Separatists’ opinion sought to bring back Pandits in J&K
SRINAGAR: Owing to the opposition of separatists over plans of establishing ‘composite townships’ for displaced Kashmiri Pandits, Jammu and Kashmir government on Thursday sought suggestions from the separatist leadership to go ahead with the process of bringing Pandits back to the Valley.
The government, however, clarified that the land to be made available for facilitating the return of Pandits would not be exclusively for the Pandits community only.
J&K education minister Naeem Akhtar said, “the government was trying to make things easy for the return of the Pandits.”
“It is a matter to rejoice as a community that there is a consensus between us and separatists that Kashmiri Pandits should return to the Valley,” he further said.
Separatists like Syed Ali Geelani and others are saying that Pandits must come as they are part of our society.
Similarly, the PDP, National Conference, Congress and BJP are also saying that Pandits should return. But they have to return after 25 years. Where will they live?,” said Akhtar in Srinagar.
Reports say that at least three sites have been identified by the Jammu and Kashmir government for setting up colonies for displaced Pandits which the state govt has conveyed to the Union home ministry for assessment.
Kashmir separatists have been vociferously opposing the establishment of any exclusive colonies for ex-servicemen or for those Pandits who migrated in early 1990s after militancy erupted in the Valley. They say that separate colonies would be on the “pattern of Israeli settlements in Palestine”.
Hardline separatist leader Syed Ali Geelani and Jammu and Kashmir Liberation Front (JKLF) chairman Yasin Malik on Wednesday alleged that policy makers of India want to change the “demography of Jammu and Kashmir as soon as possible and for this purpose the new communal government is using its entire force and machinery.” They termed it a “Do or Die” situation for the Kashmiri nation.
Another separatist leader, Mirwaiz Umar Farooq has threatened a 2008-like (Amarnath land agitation) stir if the government failed to come clean on the issue of New Industrial Policy and establishment of Pandit and Sainik colonies.
Naeem Akhtar, however, said that Pandits won’t be settled in exclusive colonies. “They have a concern as they are coming in an entirely changed scenario in the Valley,” Akhtar said.

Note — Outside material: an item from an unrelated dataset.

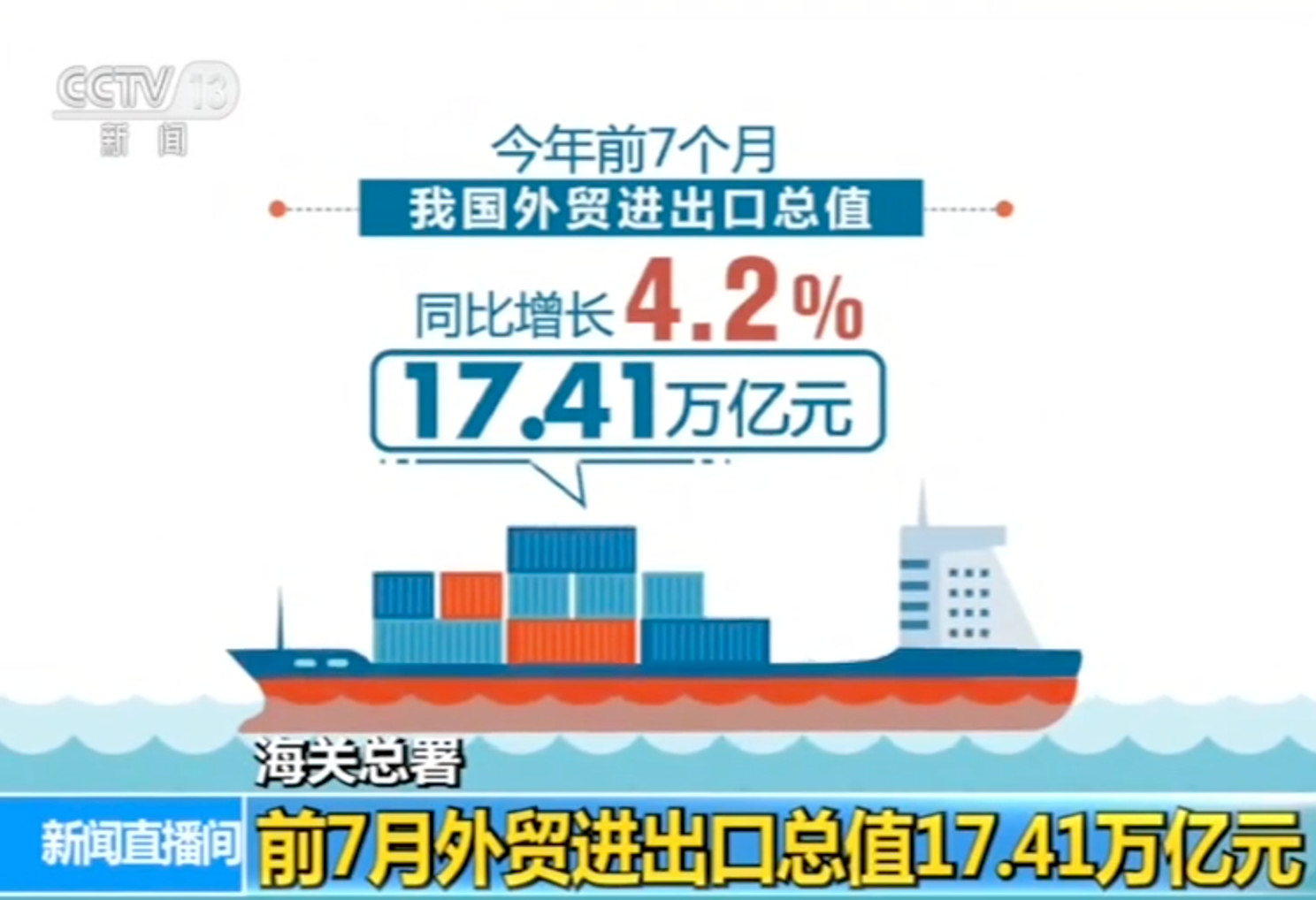 8日上午,海關(guan) 總署公布今年前7個(ge) 月我國外貿進出口相關(guan) 情況,數據顯示,前7個(ge) 月我國外貿進出口總值17.41萬(wan) 億(yi) 元人民幣。同比增長4.2%。其中,出口9.48萬(wan) 億(yi) 元,增長6.7%,進口7.93萬(wan) 億(yi) 元,增長1.3%。

“The proposal about their return is that we must make land available where everybody can live. There is no question of an exclusive colony for anybody. But we are saying that there has to be a foothold where Pandits, local Kashmiris, every state subject, even Jammu’s Dogras can live. It has to be a normal habitation like we live in other areas,” he said.
He said that we can’t dictate Pandits where they have to live. “Entire Kashmir is theirs. Our appeal to everybody including mainstream parties is that kindly tell us how to go ahead,” he said.
The minister said that state subject laws of Jammu and Kashmir would be protected at any cost.